And by schoolwork I mean the practice of those more math-based subjects, since whatever involves lots of reading or essay writing, already has several guides on Tumblr and all over the Internet.
See how your homework guide is structured. If it involves lots of practice exercises from the lower level difficulty to the hardest, and specially if you’re short on time, I’d do one of the easiest first, to get familiar with the formulas, one of the middle difficulty ones, to get some thinking involved with those formulas, and then the difficult ones, because they tend to be long and use the highest amount of formulas, and incorporate important concepts that will give you a deep understanding of the subject.

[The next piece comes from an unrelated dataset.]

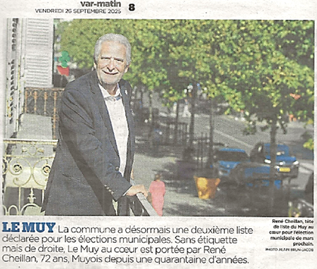 René CHEILLAN se lance dans la course à la Mairie du Muy « La commune du Muy a désormais une deuxième liste déclarée pour les élections[…]

Plus if you know how to solve the harder ones, the rest should be easy.
If instead of following a pattern of increasing in difficulty, your exercises are splattered all over the place or are of similar difficulty, well, feel free to skip, or do them all in a row, but do as many as you can.
.*METHOD FOR SOLVING A MATH-BASED EXERCISE*.
This is useful if you’re new or got un-used to it, but most of the time you get the hang of it, and don’t need to do ALL of this so strictly:
-Read the WHOLE exercise. Sometimes important information will be at the end, or you’ll find answers in there to previous questions.
-Divide a space in two columns. In one of them, put all of the information you have. In the other one, put down all the information the exercise is asking you to find (you have to find the X? The X goes in this column. That’s what I meant.)
-FOR PHYSICS BASED SUBJECTS: if you can, make a small drawing/diagram of your situation, together with all the information you have gathered so far.
-Write down all the formulas you have to use for this part of your subject. You might not use them all for the exercise, but the act of writing them over and over again makes memorizing them easier.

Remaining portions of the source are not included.